I returned to college, on the last evening of class, with this story in hand. I turned in "my project" and the instructor read it. Then she looked up at me and said, "Can I share this?" I slowly nodded as she got the attention of the class. She began to read and that is when I knew that we as human beings and being part of God share this need to heal people and to be healed.

In my own way I had touched the people at McDonald's, my husband, son, instructor, and every soul that shared the classroom on the last night I spent as a college student. I graduated with one of the b iggest lessons I would ever learn: UNCONDITIONAL ACCEPTANCE.

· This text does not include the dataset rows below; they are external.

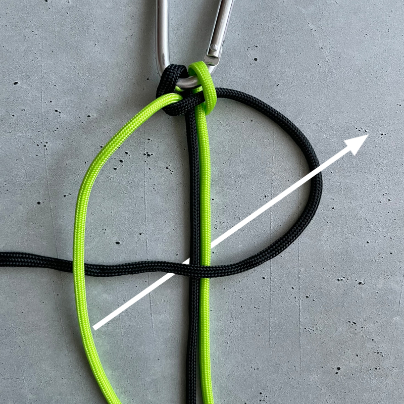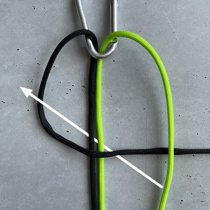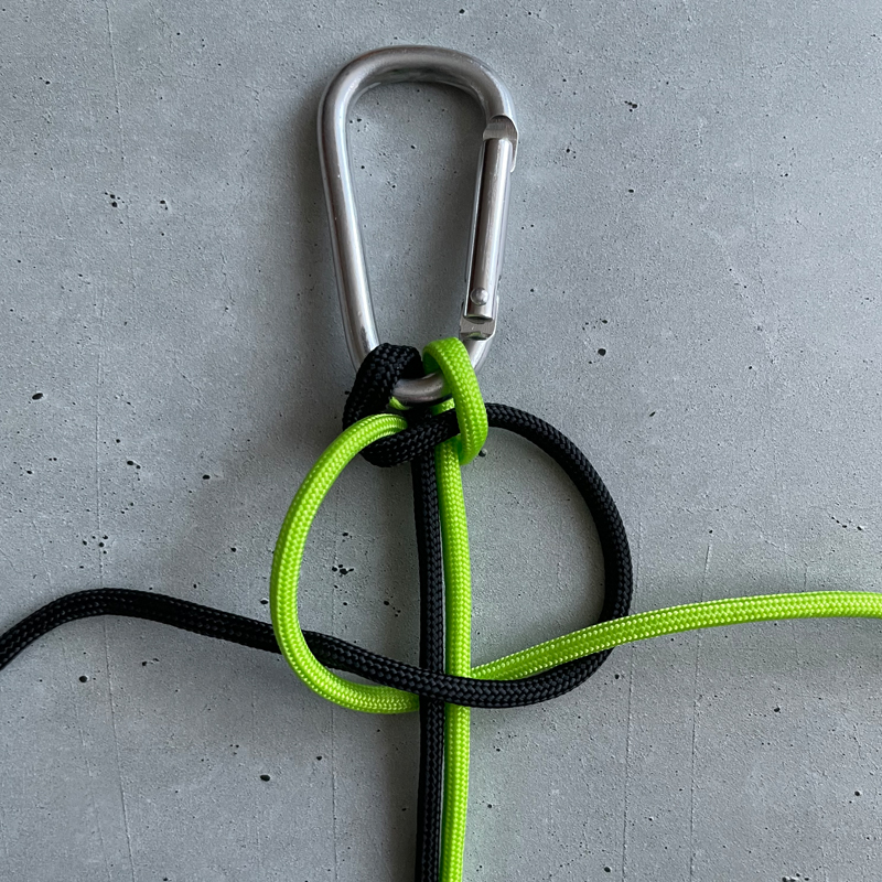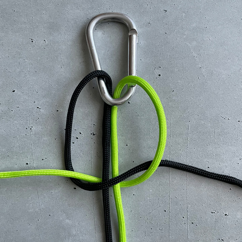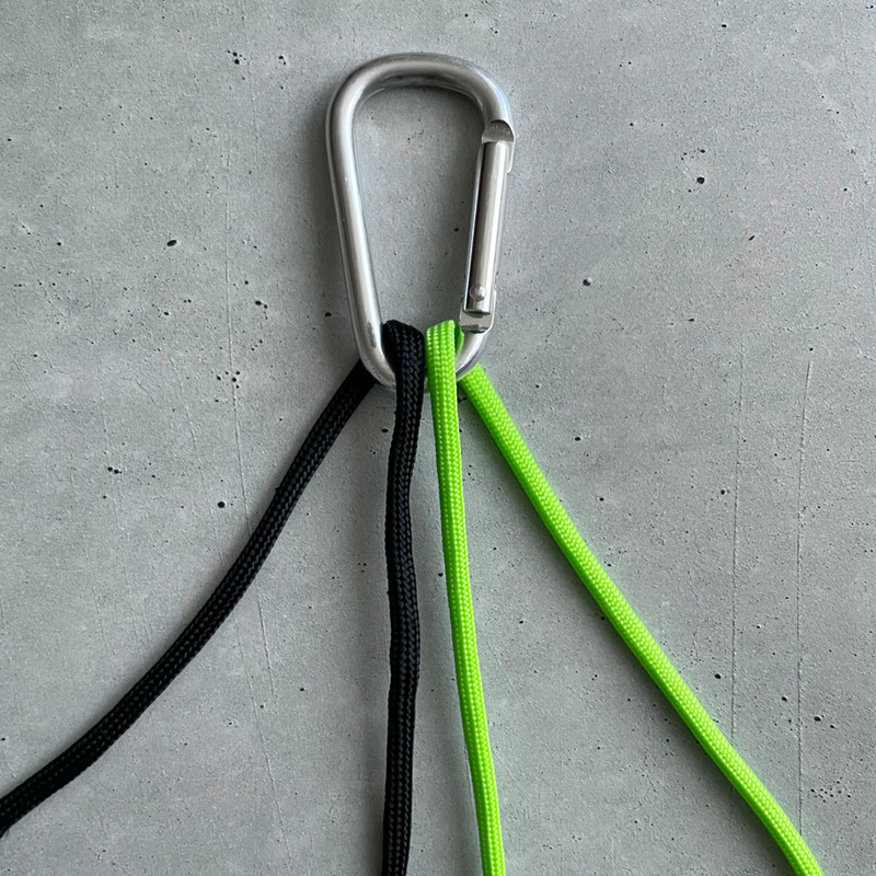 1.パラコード2本をカラビナ等にかけて、ふたつに折ります。真ん中の2本が芯となります。
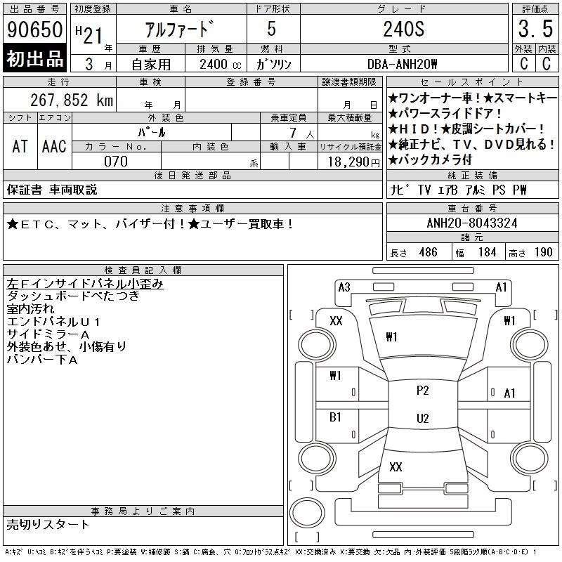 | 240S LIMITED | DBA-ANH20W | 2AZ-FE | FF | CVT | 2362cc | 170ps(125kW)/6000rpm | AИ-92 | 3 280 000 |
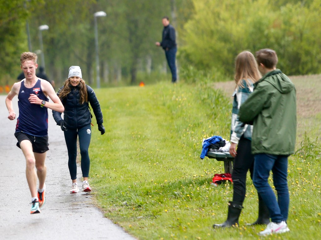 Nu kommer ju inga av de här tiderna att räknas eftersom loppet inte var sanktionerat, Svenska friidrottsförbundet har ju fortfarande totalt tävlingsstopp för seniorer. Men hur som helst sprangs testloppet på gamla Milseriens kontrollmäta tiokilometersslinga på Väster, och Regborn gjorde 29.36 (topp tio i Sverige i år, alla testlopp inräknade, enligt landslagsledaren Lorenzo Nesi som för inofficiell statistik) och van Sitteren 35.09 (15 sekunder från Karin Forsbergs distriktsrekord på 10 000 meter på bana). Fyra löpare gick under 32, sju under 33 och tio (inklusive comebackande Erik Anfält) under 34 i ett lopp med 16 startande där ingen gick över 37 minuter … Hög klass.
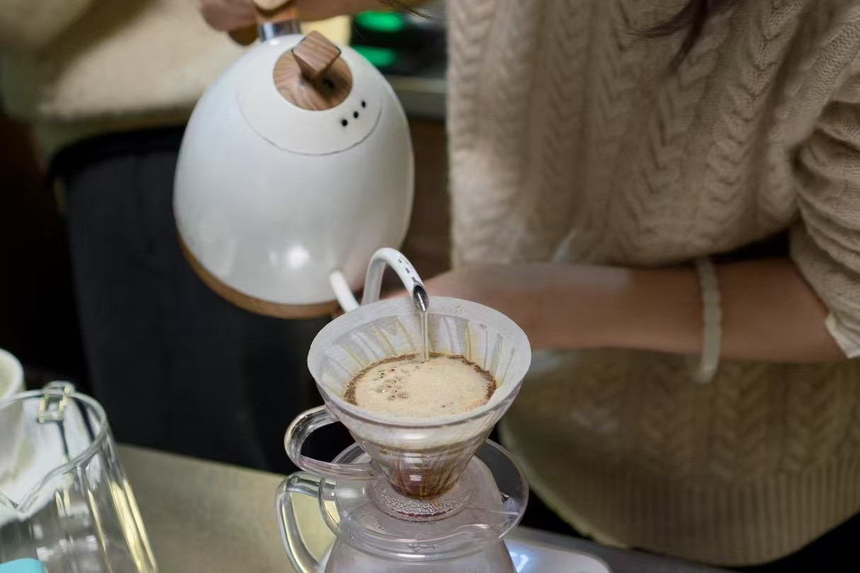 江女士正在冲制手冲咖啡 来源:受访者
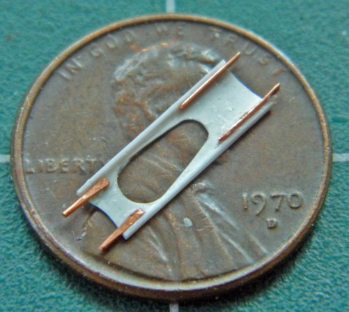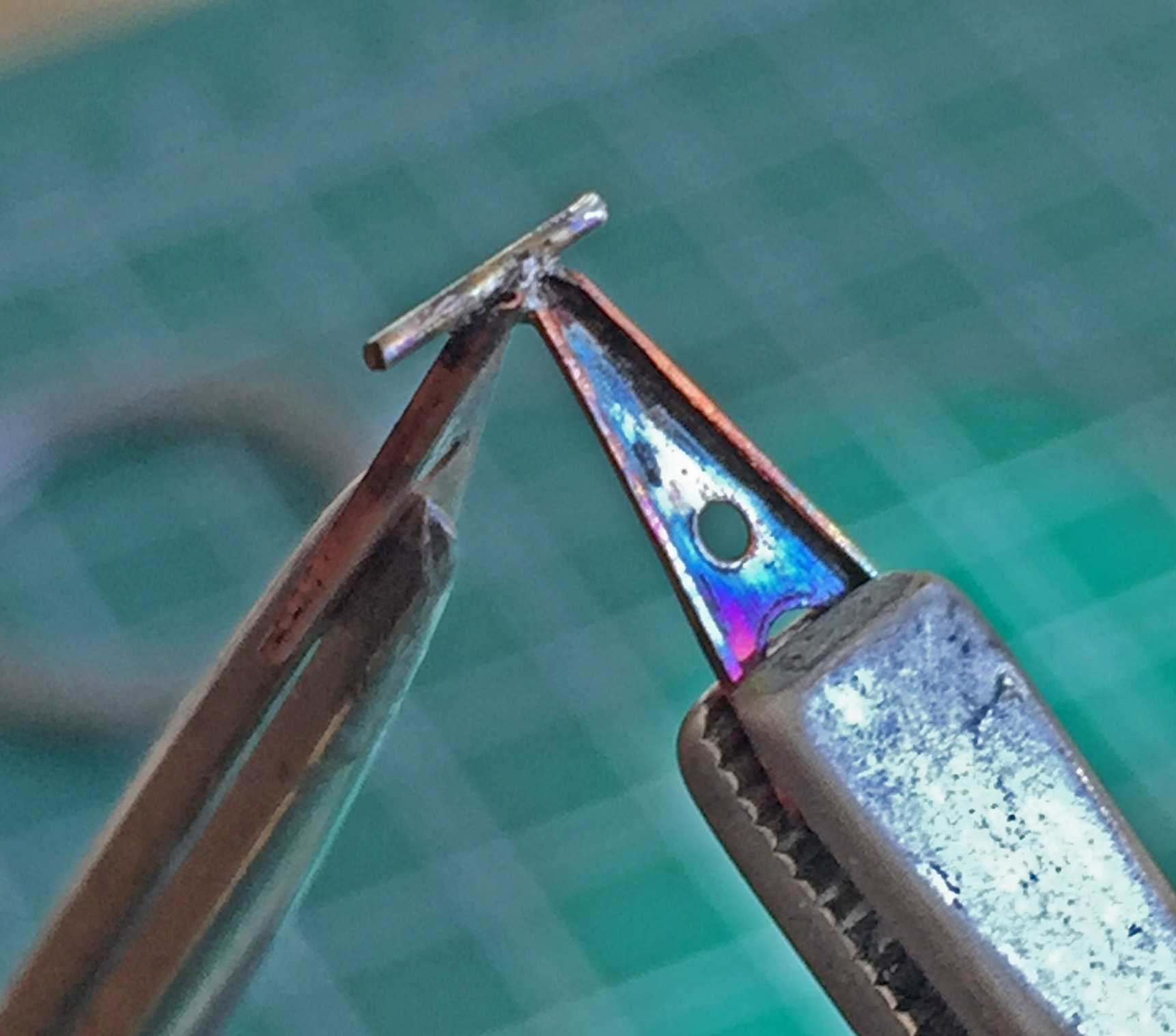 The extension limiters join at the small end. To replicate the hinge, I used a 22awg copper wire. The really interesting part of this was soldering them together. As most of the rest of the world, I only have two hands. To do this easily I would have needed at least three of them (or four, if you’re into bi-lateral symmetry) (I’m not judging). I used locking tweezers on stands to align and hold the two parts with just a little bit of overlap. This overlap created a “saddle” that I could place the wire on so that soldering it in place was at all possible. Using a butane torch would be challenging because the force of the torch’s gas flow could easily blow the wire across the workbench. To successfully solder this without causing the wire to go elsewhere, I approached the join from a fair distance away and worked the flame back and forth as I (SLOWLY) brought the flame closer. Once the flux melted, I knew I was close. Then the solder melted and I quickly moved the flame out of range. Whaddya know…it worked (I trimmed the wire to length once everything cooled):
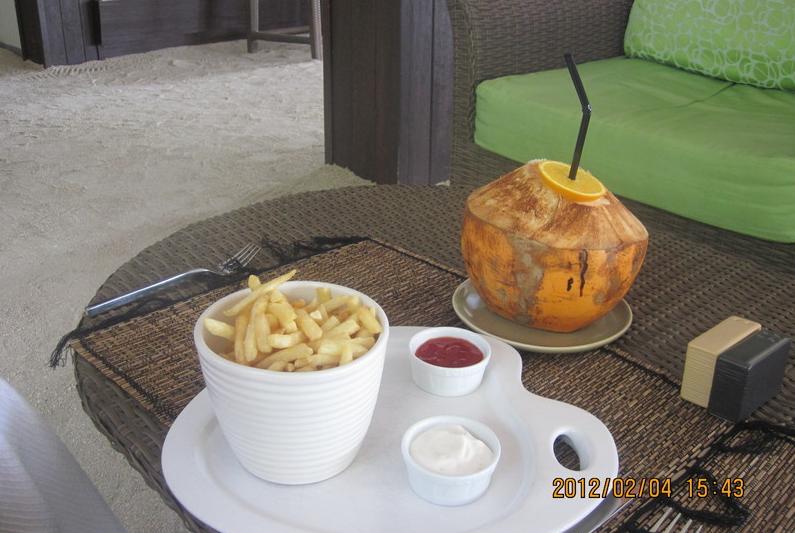 !出了机场就看见有小黑们拿着酒店的牌子借机,很容易就看到了接我们的小黑,他也很机灵,冲他笑了一下,他就朝我们走来了,带我们到柜台上核完就送我们上快艇了。晚上什么也看不到,快艇也很颠,就不停地问小黑还有多久,过了45分钟,总算到了,来接我们的有中文GO,我的那个激动啊,这下在岛上不发愁了。发几张图,是我们的欢迎香槟和点心。
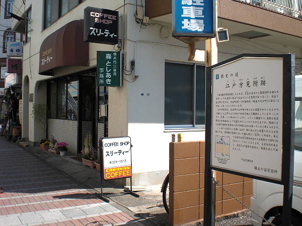 そのまま高架下をくぐると、向こうに続く旧東海道に出る。帷子川を渡って200m程の所に「江戸方見附跡」がある(右・右写真=10:32)。
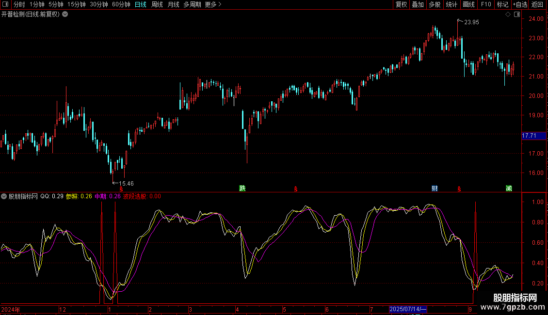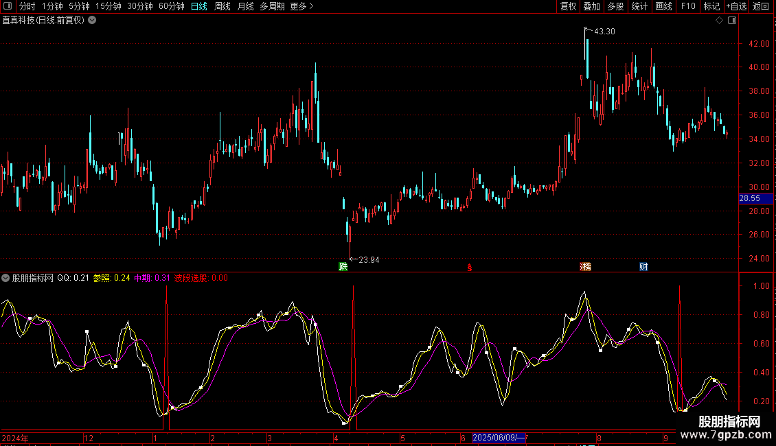 波段选股:RR AND NOT(REF(RR,1)) AND (RR1<-100 AND BB1<-100) AND CB1<-100,COLORRED;
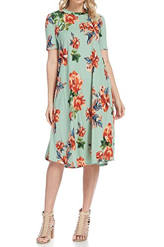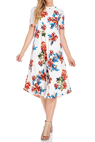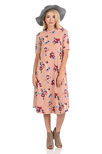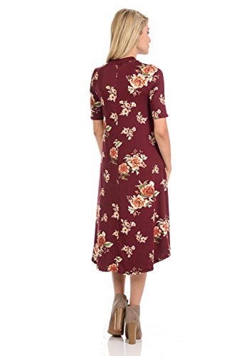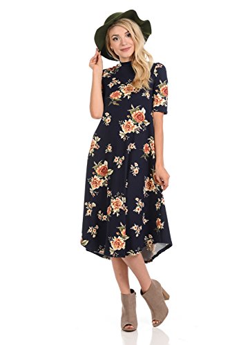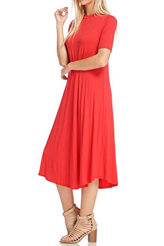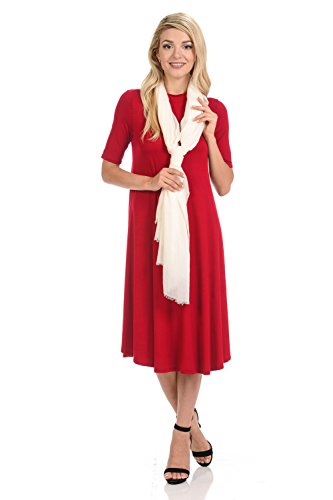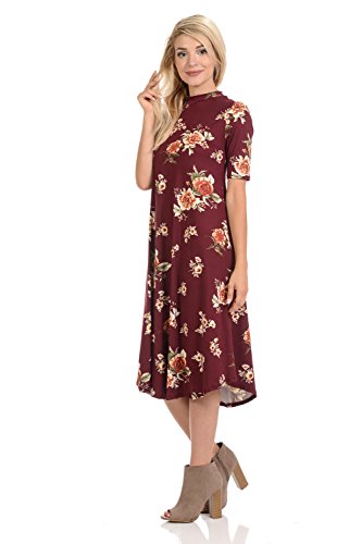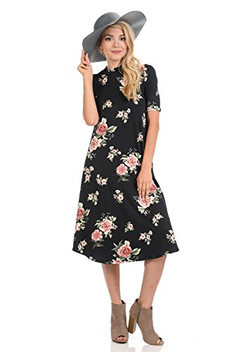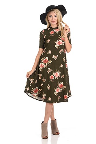 This lovely dress features half sleeves, mock neckline, midi length and figure flattering A-line silhouette. It is made of soft jersey knit that has great drape.
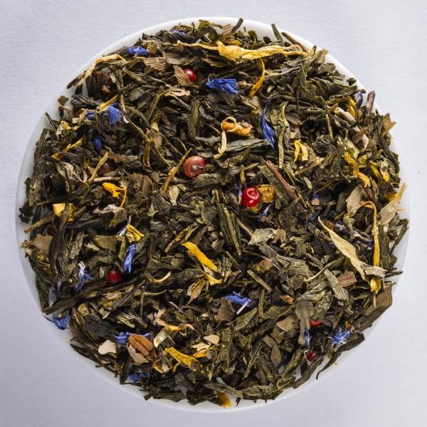 Ce mélange de thé vert à base de merveilleux Sencha est complété par un goût particulièrement doux, frais et corsé grâce au thé chinois Wu Lu - un thé de brume ! Ensemble, ils forment une base parfaitement équilibrée de notes de fruit de la passion et d'abricot les plus fines, qui sont parfaitement souligné par des zestes d'orange acidulées et des morceaux de fruit de la passion ! L'aspect céleste avec ses soucis ensoleillés et ses bleuets bleus ne permettrait pas d'autre nom que 'vie céleste'.
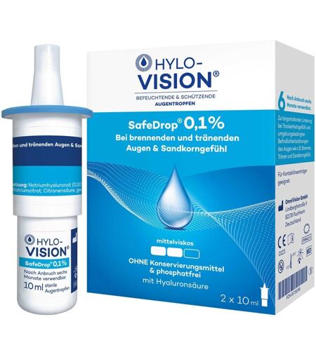 Anwendungsgebiet von Hylo-Vision Safedrop 0,1% AugentropfenHylo-Vision Safedrop 0,1% Augentropfen sind benetzende Augentropfen, die zur Befeuchtung und zum Schutz der Augenoberfläche dienen. Verschiedene Gegebenheiten wie das Arbeiten am PC, das Tragen von Kontaktlinsen, trockene Raumluft, Umweltstress oder bestimmte Erkrankungen können das Auge beeinflussen, sodass es beispielswiese nicht mehr mit ausreichend Tränenflüssigkeit benetzt wird. Zu den typischen Symptomen zählen brennende, tränende und gerötete Augen. Außerdem ist ein unangenehmes Fremdkörpergefühl möglich, was als Sandkorngefühl bezeichnet wird.
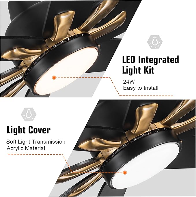 - Stylish Design: Blades with black finish matche up with a little gold frame decoration would be modern and fashionable. It can be installed at top floor which angle is wihtin 15 degrees.
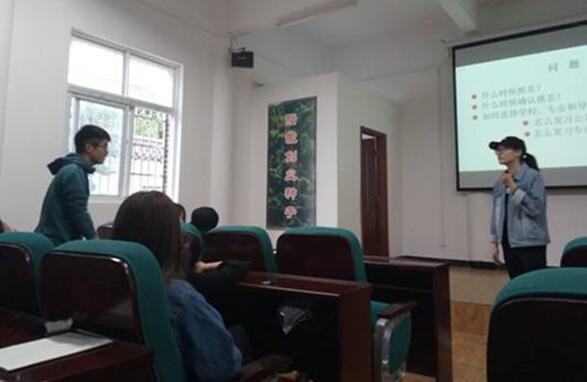 12级园艺班的林小月和陈恒同学给学弟学妹们介绍考研经验,并详细解答了有关考研报名、专业选择、复习和面试等各方面的问题。会场中互动频繁,讨论氛围热烈,为13级园艺班同学2017年考研复习和心理调适起到了良好的辅导作用。

Much love and compassion is sent to each and every person who may read this and learn how to LOVE PEOPLE AND USE THINGS - NOT LOVE THINGS AND USE PEOPLE.

If you think this story has touched you in any way, please send this to everyone you know. There is an Angel sent to watch over you. In order for her to work, you must pass this on to the people you want watched over.

An Angel wrote: Many people will walk in and out of your life, but only true friends will leave footprints in your heart.

To handle yourself, use your head. To handle others, use your heart. God Gives every bird it's food, but He does not throw it into its nest.